▶ [Dataset records]
__________
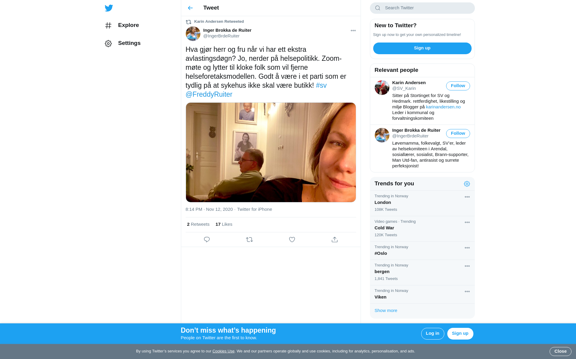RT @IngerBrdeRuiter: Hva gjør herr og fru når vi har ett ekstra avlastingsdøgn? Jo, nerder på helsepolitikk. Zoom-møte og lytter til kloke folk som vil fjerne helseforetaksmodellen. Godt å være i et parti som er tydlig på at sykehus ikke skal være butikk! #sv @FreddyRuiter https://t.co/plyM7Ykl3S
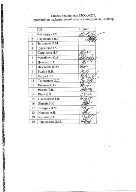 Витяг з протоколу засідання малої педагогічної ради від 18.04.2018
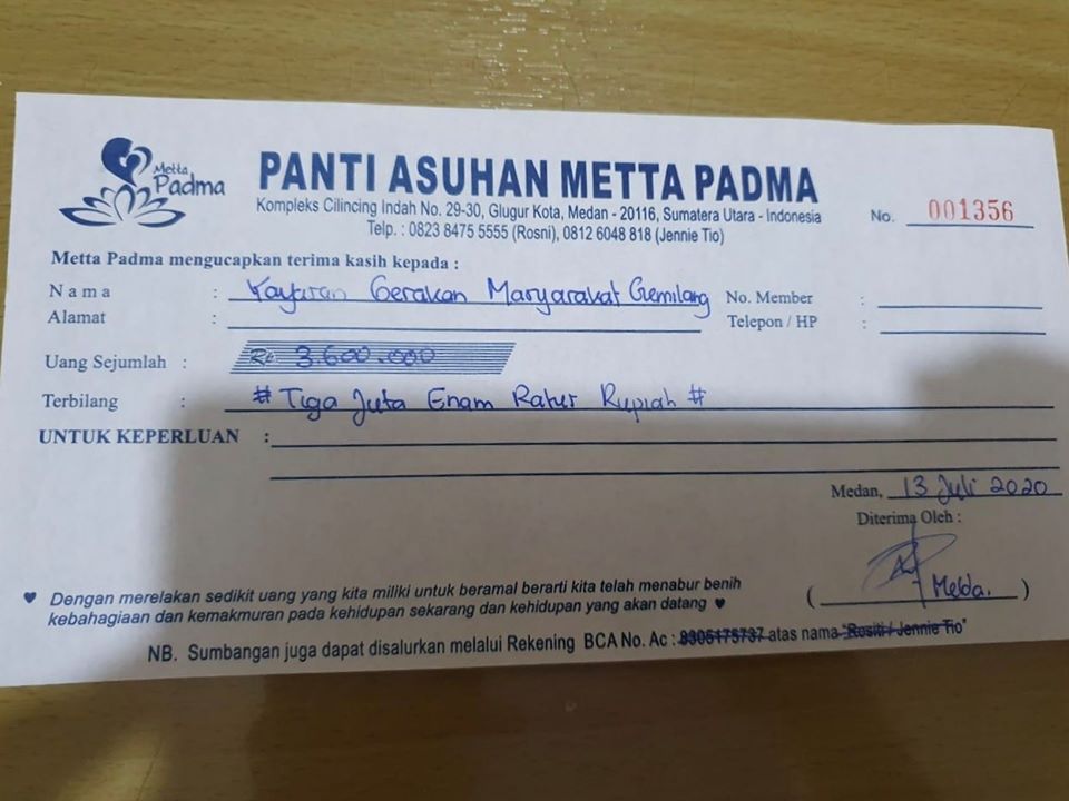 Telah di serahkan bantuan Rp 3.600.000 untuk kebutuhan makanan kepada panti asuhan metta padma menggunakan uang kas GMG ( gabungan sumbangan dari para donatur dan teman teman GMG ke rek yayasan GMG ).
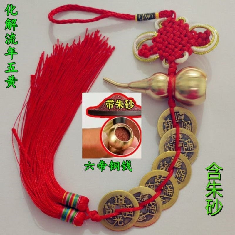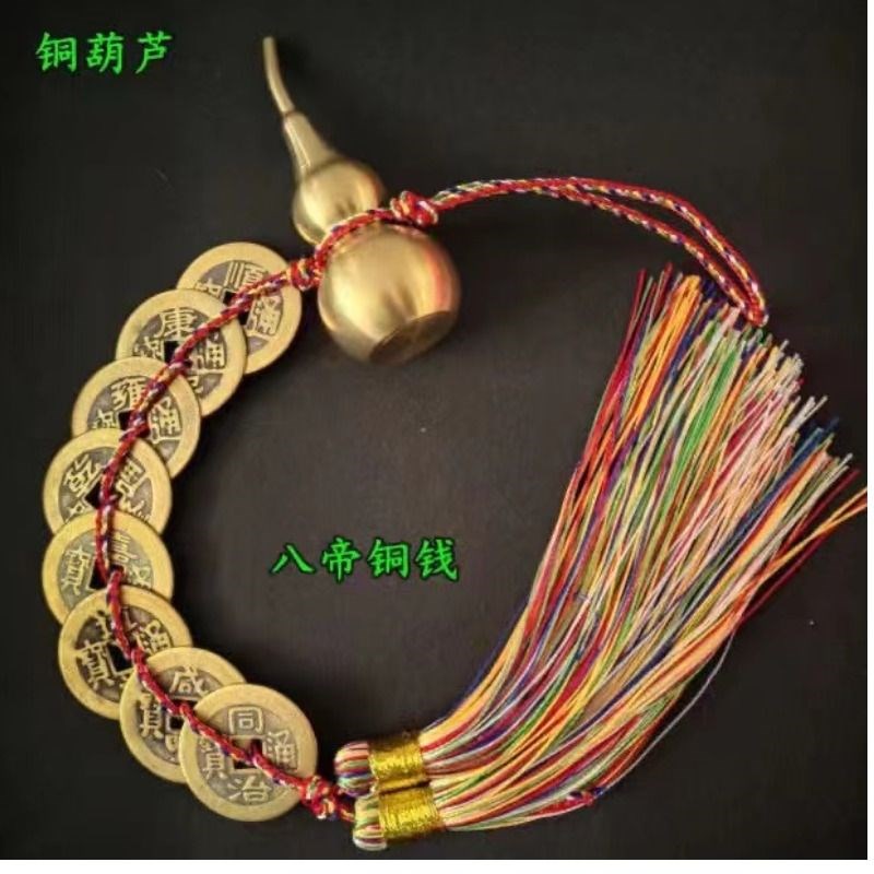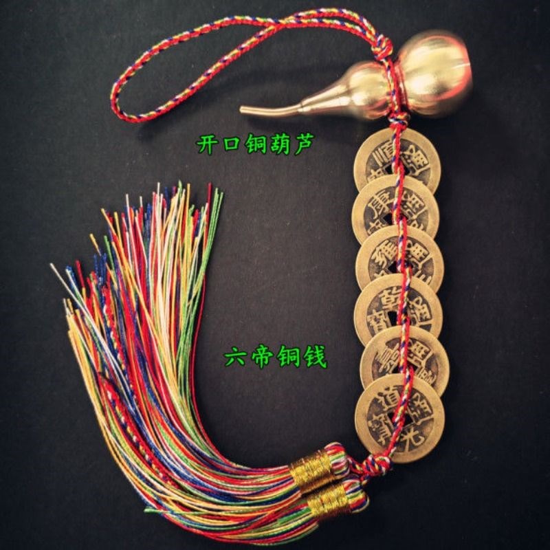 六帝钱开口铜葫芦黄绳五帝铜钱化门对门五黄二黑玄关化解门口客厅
__________
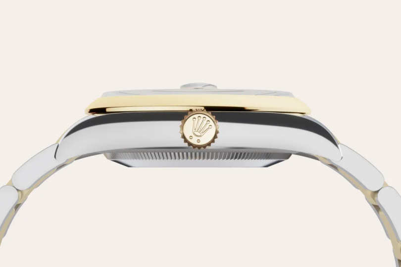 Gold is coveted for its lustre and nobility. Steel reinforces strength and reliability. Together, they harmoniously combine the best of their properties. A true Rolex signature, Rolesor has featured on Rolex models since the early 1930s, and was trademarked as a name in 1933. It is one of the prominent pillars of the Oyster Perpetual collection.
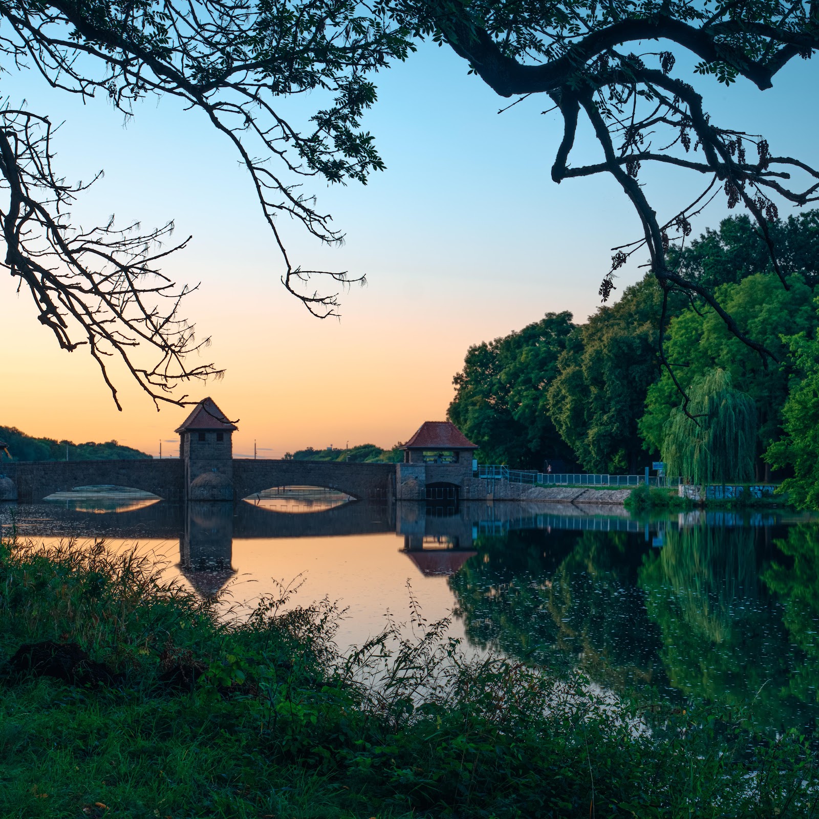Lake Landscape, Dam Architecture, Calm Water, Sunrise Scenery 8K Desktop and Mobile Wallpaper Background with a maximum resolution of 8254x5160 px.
__________
▶ [Task description] Above are some entries. Restate word for word the lines from the one holding "Витяг з протоколу" through the one holding "六帝钱开口铜葫芦黄绳五帝铜钱化门对门五黄二黑玄关化解门口客厅", but not the pictures.

▶ [Solution to this task]
 Витяг з протоколу засідання малої педагогічної ради від 18.04.2018
 Telah di serahkan bantuan Rp 3.600.000 untuk kebutuhan makanan kepada panti asuhan metta padma menggunakan uang kas GMG ( gabungan sumbangan dari para donatur dan teman teman GMG ke rek yayasan GMG ).
 六帝钱开口铜葫芦黄绳五帝铜钱化门对门五黄二黑玄关化解门口客厅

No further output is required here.